Wednesday, January 7, 2009

What’s Your Path? – a Gamer’s Perspective on Personal Development

In Dungeons and Dragons, you build a character to represent you in the game world; think of a character in your favorite book, and now imagine that you make the decisions for him in an interactive story. Normally, these characters can attain up to level 20 – the ultimate in the character’s development. And there are online sites devoted to building these ‘people’ to be the best they can, over a range of 20 levels. You see, if you choose wrongly at lower levels, it can impede or block later decisions, and limit your character’s potential. So you start at 20, and ‘reverse engineer’ your character.

Which got me thinking… Why don’t I do this personally? If I looked at myself ‘fully developed’, what would I like to look like, and how would I have gotten there? It was amazing to think about, and I’d recommend everyone try it. Start thinking like this:
• Describe your ideal self. Rich? In shape? Family? Job? No job? Where do you live?
• What skills would you need to have to get there?
• What experiences?
• What situations would you have had to get that experience?
• What things do you have? How did you get them?

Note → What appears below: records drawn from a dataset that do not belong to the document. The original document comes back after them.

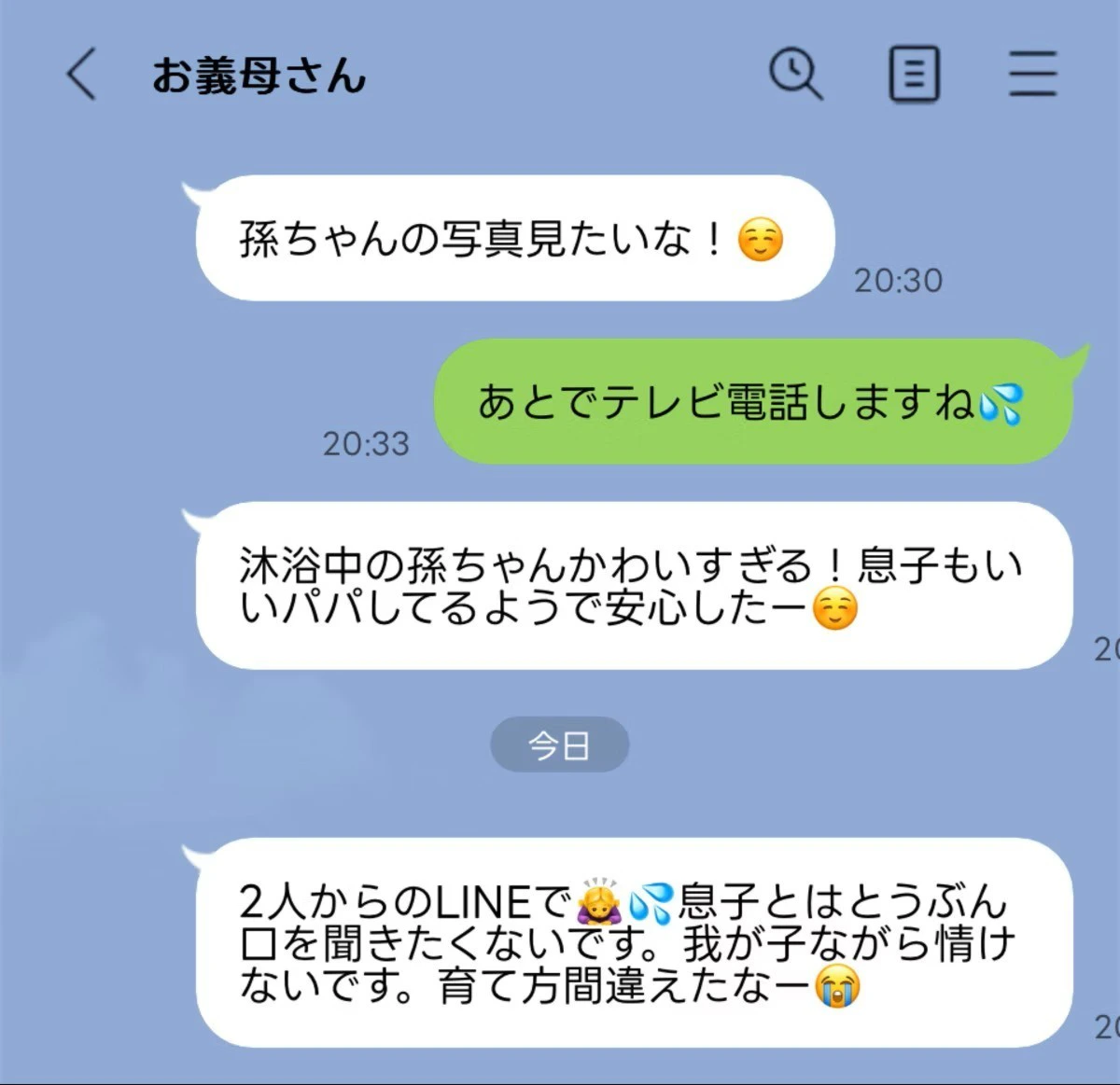 私が旦那が沐浴を手伝ってる写真を送ればいいパパしてるねーと私にわざわざ言ってくる、また別の日には旦那に私の悪口を言ってるような、起伏の激しい方です。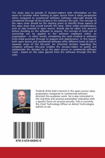 The study aims to provide IT decision-makers with information on the issues to consider when looking at open source from a value perspective when compared to commercial software. Software value-add should be considered through all the phases in the software life-cycle. The concept of the value chain should be the starting point to identify those aspects of the value chain that would benefit the most. Other initial considerations, such as risks involved in open source, should also be taken into account before deciding on the software to acquire. The concept of total cost of ownership can be applied to the software employed within an organisation in other words, considering the costs involved in software from initial purchase through to support and maintenance. In this regard, both open source and commercial software offer different levels of cost in separate areas of the life-cycle. An informed decision regarding the complete software life-cycle enables the decision-maker to justify and substantiate the decision to go the open source or commercial software route - based on the value gained from the software through this life-cycle.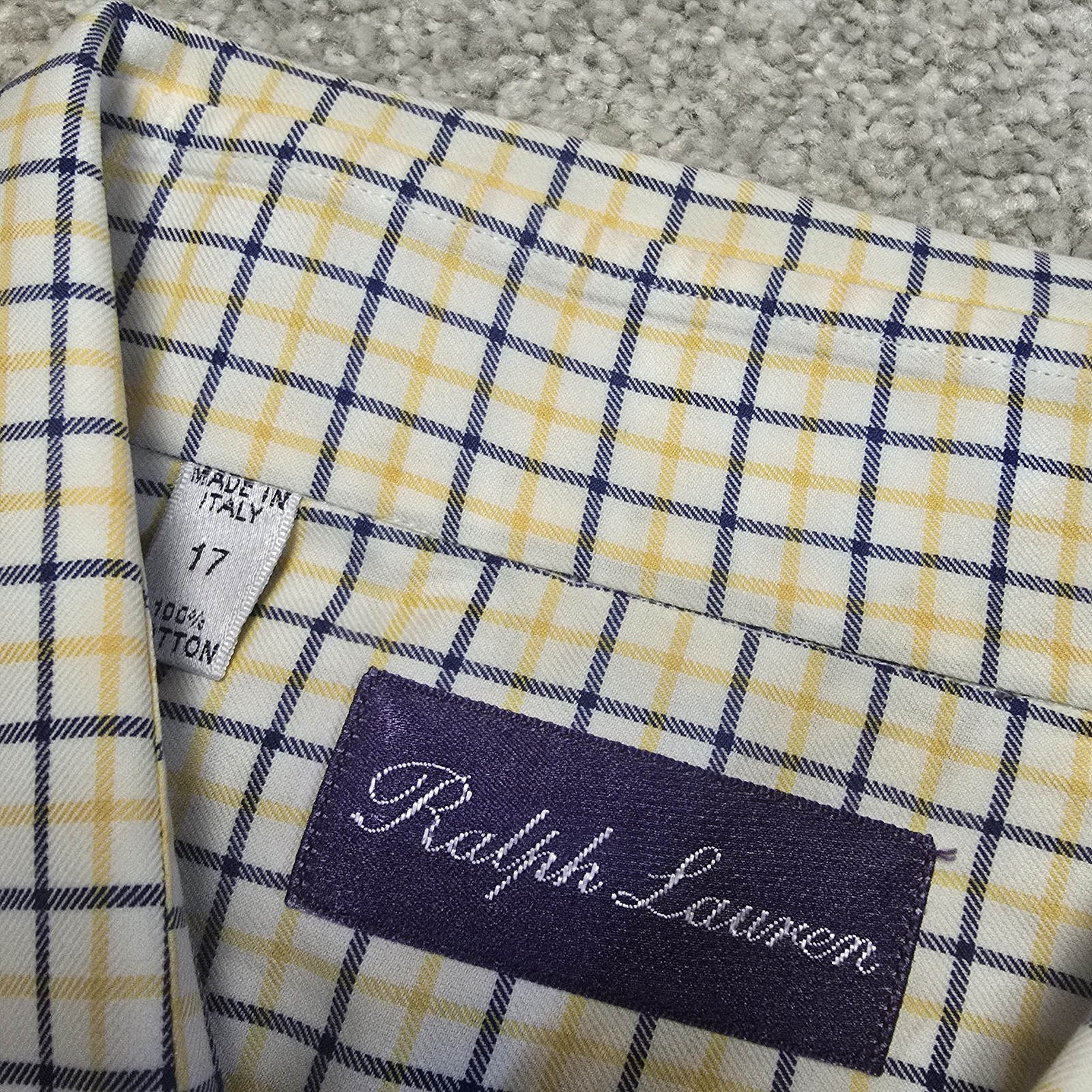 как выглядит Ralph Lauren Purple Label Men s Dress Shirt 17 Made in Italy Yellow Blue Check фото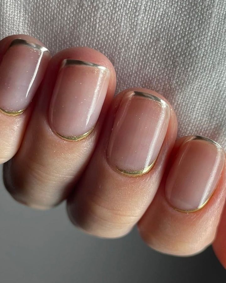 上下でシルバーとゴールドを使った、マイクロスキニーフレンチと逆フレンチの組み合わせ。どちらもラインが細いところが垢抜けポイント。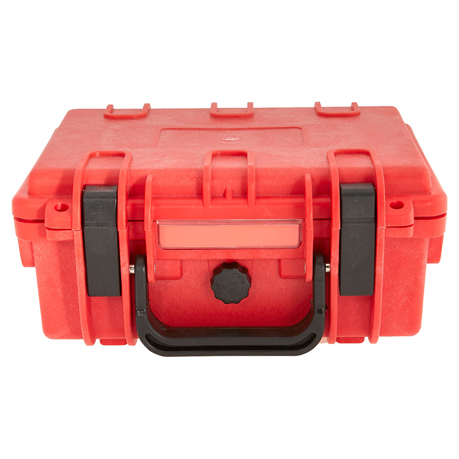 A Red Diver watch box featuring slots for three watches, two snap locking closures and a black handle. Dimensions: 25x22x12 cm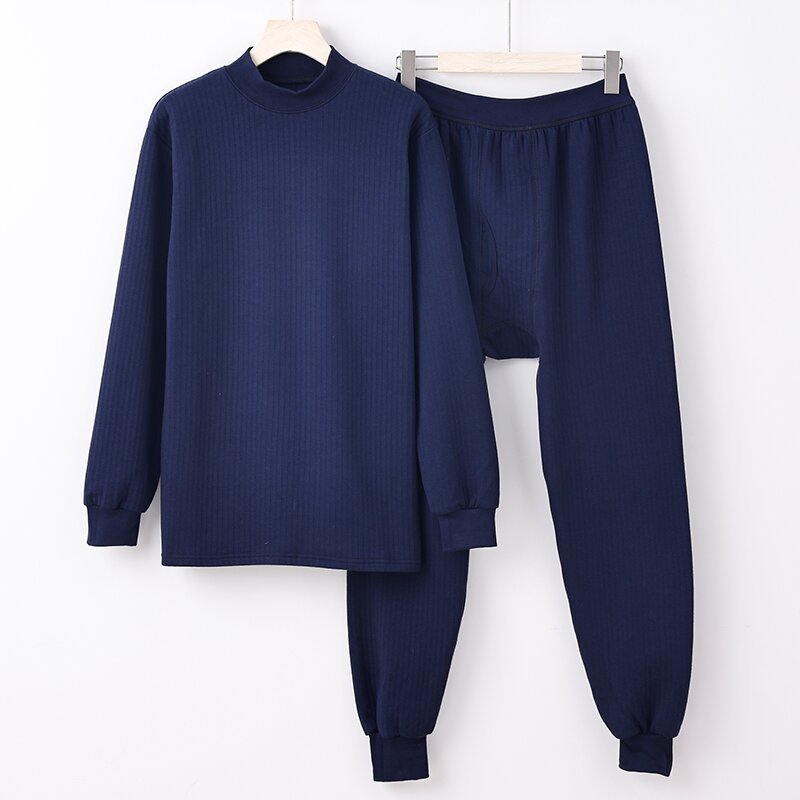 中老年内衣秋冬加厚三层保暖男圆领宽松纯棉爸爸秋衣秋裤防寒套装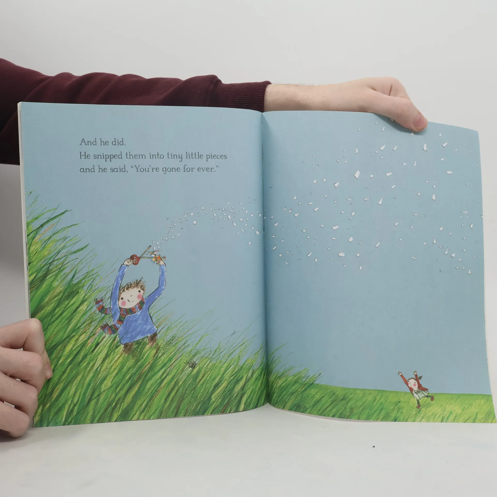 A string of paper dolls go on a fantastical adventure through the house and out into the garden. They soon escape the clutches of the toy dinosaur and the snapping jaws of the oven-glove crocodile, but then a very real pair of scissors threatens.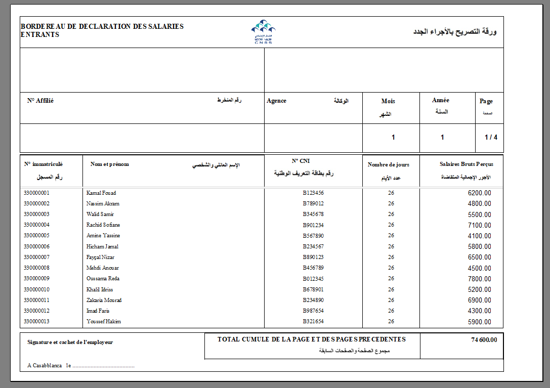 - Génération automatique de l'état 9421, document récapitulatif des salaires et des cotisations sociales destiné à la CNSS.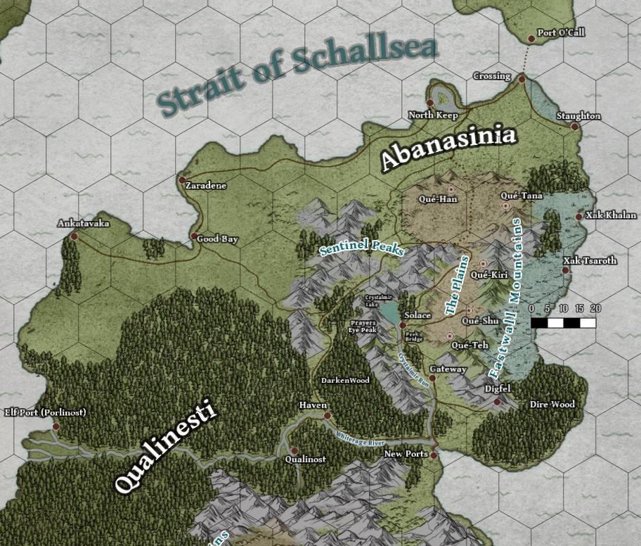 Crossing (small Town, 1,888). Established during the years following the Cataclysm. Located directly across the mouth of the New Sea from the town of Port O’Call, the town of Crossing started out as nothing more than a landing site near a rise that overlooked the Plains of Abanasinia. As it became clear that the location was one of the most likely spots of ships to make dock, a group of merchants from Caergoth, looking to establish their own port to the lands of the south, began building docks and the site started to attract journeymen and refugees. Requiring a way to protect themselves and their investments against pirates and attacks from warring plainsmen, the merchants formed the Scales Society, a guild in which every tradesman, no matter how big or small would contribute to the defense of the town through a tithe of their annual income. From this, the Town guard, coast guard, and bureaucrats are paid.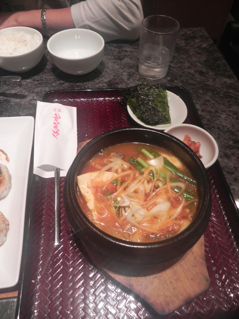 所以簡單點了一鍋石頭豆腐鍋跟一盤烤肉泡菜壽司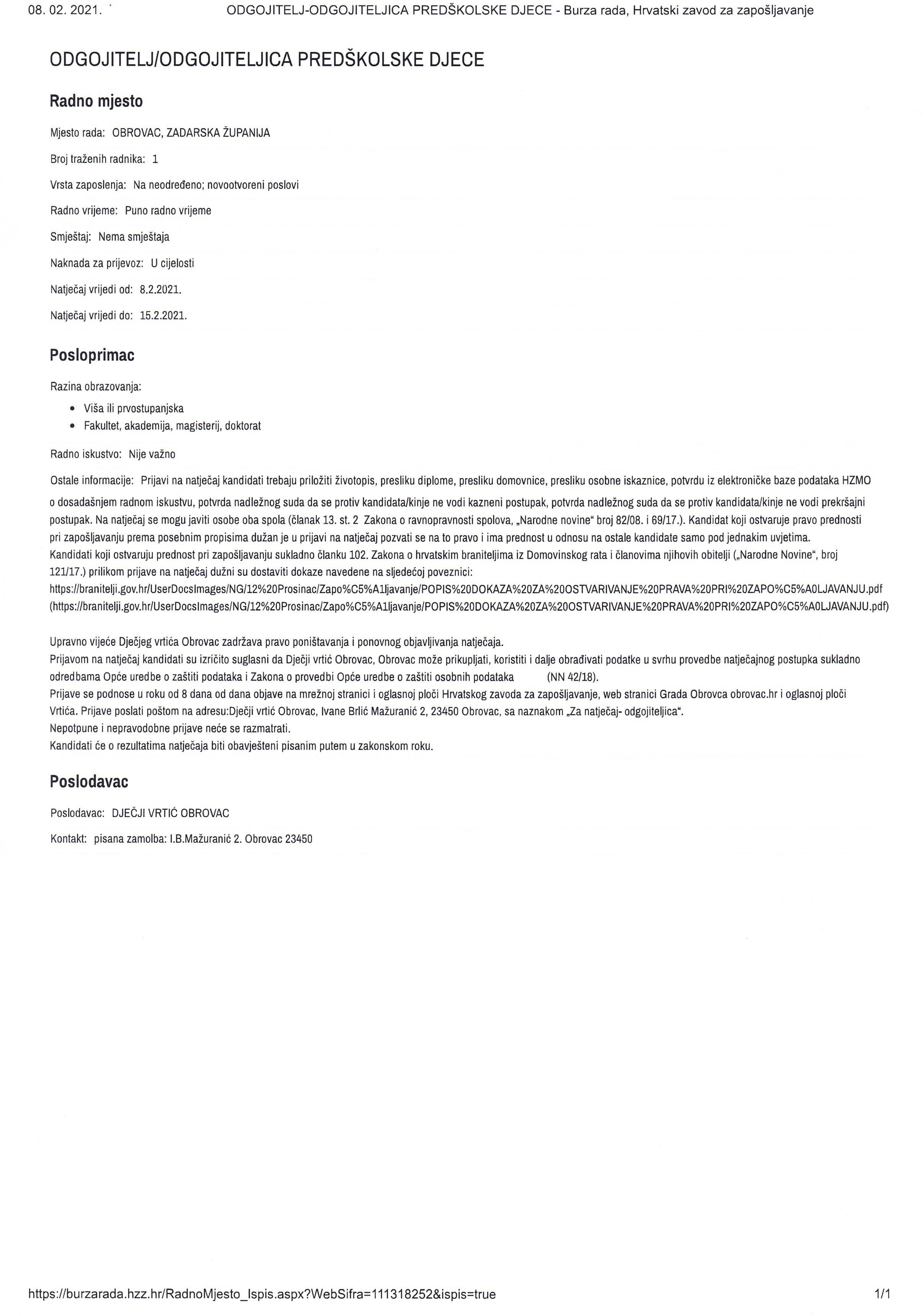 Adresa: Ivane Brlić Mažuranić 4, 23450 Obrovac

When you’re done, you should have a pretty full sheet. I’d suggest separate paths for job/money, skills/job, situations/experiences, and people encountered or things. Work out a rough timeline of either cause and effect, or ‘by the time I’m 30 I will have…’ Put it in chronological order, and reverse engineer your path. Look at the timeframe – is it realistic? What do you have to achieve first? What do you have to do next? What do you have to be doing RIGHT NOW?

For example, once you’ve decided you want to own your own restaurant (for example), what do you have to do? You’ll need lots of experience as a manager, money to buy in, and a great location & menu. If you see your two children helping in the restaurant, it’s time to start thinking about that too. So get a job in management, or as a host, waiter, or even busboy to get started. Build up your experience and responsibility, and save all you can. Learn systems, and play out in your head when and how you will start your restaurant. Will you buy it from your boss? Start your own from scratch? Will a partner bring the opportunity to you?

The more you decide ahead of time, the more likely it will all come true. Once you know what you need, you’ll see every event in terms of your needs, and respond with your needs and plans in mind. If you envision living in a tropical climate, you’ll start looking for jobs there, talking to people who go there, and paying attention to possibilities to get there. Your friends and acquaintances will have heard what you want, and every time that place comes up, they’ll think of you.

You might not end up exactly where you want, but you’ll be a lot closer than if you don’t know. As Yogi Berra famously said, “If you don’t know where you’re going, you’ll wind up somewhere else.”